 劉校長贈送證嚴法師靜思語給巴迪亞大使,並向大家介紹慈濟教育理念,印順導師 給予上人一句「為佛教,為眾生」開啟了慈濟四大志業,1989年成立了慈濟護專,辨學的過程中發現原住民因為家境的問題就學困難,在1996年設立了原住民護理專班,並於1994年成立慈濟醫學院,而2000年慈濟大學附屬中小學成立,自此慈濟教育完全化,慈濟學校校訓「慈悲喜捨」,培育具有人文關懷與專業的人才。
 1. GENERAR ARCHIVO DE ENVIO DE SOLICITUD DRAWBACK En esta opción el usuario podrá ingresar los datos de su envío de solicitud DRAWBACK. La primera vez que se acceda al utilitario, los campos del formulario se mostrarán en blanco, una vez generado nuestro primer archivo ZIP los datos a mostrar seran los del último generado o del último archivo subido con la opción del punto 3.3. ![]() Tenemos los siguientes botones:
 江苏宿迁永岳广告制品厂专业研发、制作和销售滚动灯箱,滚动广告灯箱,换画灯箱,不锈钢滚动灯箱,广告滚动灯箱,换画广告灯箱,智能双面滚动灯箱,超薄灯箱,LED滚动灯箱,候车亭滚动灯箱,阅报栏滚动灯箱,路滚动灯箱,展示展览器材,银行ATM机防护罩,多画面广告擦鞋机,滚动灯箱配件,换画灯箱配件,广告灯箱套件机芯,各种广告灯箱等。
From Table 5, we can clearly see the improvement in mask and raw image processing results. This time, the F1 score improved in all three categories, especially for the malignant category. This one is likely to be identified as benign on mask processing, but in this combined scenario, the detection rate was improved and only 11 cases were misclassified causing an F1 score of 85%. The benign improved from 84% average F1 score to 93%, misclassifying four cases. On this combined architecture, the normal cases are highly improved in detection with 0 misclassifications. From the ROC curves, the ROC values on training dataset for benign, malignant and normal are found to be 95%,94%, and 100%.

**DIRECTIONS FOR THIS TASK:**
For this exercise, write out all of the data exactly.

**FINISHED TASK:**
 劉校長贈送證嚴法師靜思語給巴迪亞大使,並向大家介紹慈濟教育理念,印順導師 給予上人一句「為佛教,為眾生」開啟了慈濟四大志業,1989年成立了慈濟護專,辨學的過程中發現原住民因為家境的問題就學困難,在1996年設立了原住民護理專班,並於1994年成立慈濟醫學院,而2000年慈濟大學附屬中小學成立,自此慈濟教育完全化,慈濟學校校訓「慈悲喜捨」,培育具有人文關懷與專業的人才。
 1. GENERAR ARCHIVO DE ENVIO DE SOLICITUD DRAWBACK En esta opción el usuario podrá ingresar los datos de su envío de solicitud DRAWBACK. La primera vez que se acceda al utilitario, los campos del formulario se mostrarán en blanco, una vez generado nuestro primer archivo ZIP los datos a mostrar seran los del último generado o del último archivo subido con la opción del punto 3.3. ![]() Tenemos los siguientes botones:
 江苏宿迁永岳广告制品厂专业研发、制作和销售滚动灯箱,滚动广告灯箱,换画灯箱,不锈钢滚动灯箱,广告滚动灯箱,换画广告灯箱,智能双面滚动灯箱,超薄灯箱,LED滚动灯箱,候车亭滚动灯箱,阅报栏滚动灯箱,路滚动灯箱,展示展览器材,银行ATM机防护罩,多画面广告擦鞋机,滚动灯箱配件,换画灯箱配件,广告灯箱套件机芯,各种广告灯箱等。
From Table 5, we can clearly see the improvement in mask and raw image processing results. This time, the F1 score improved in all three categories, especially for the malignant category. This one is likely to be identified as benign on mask processing, but in this combined scenario, the detection rate was improved and only 11 cases were misclassified causing an F1 score of 85%. The benign improved from 84% average F1 score to 93%, misclassifying four cases. On this combined architecture, the normal cases are highly improved in detection with 0 misclassifications. From the ROC curves, the ROC values on training dataset for benign, malignant and normal are found to be 95%,94%, and 100%.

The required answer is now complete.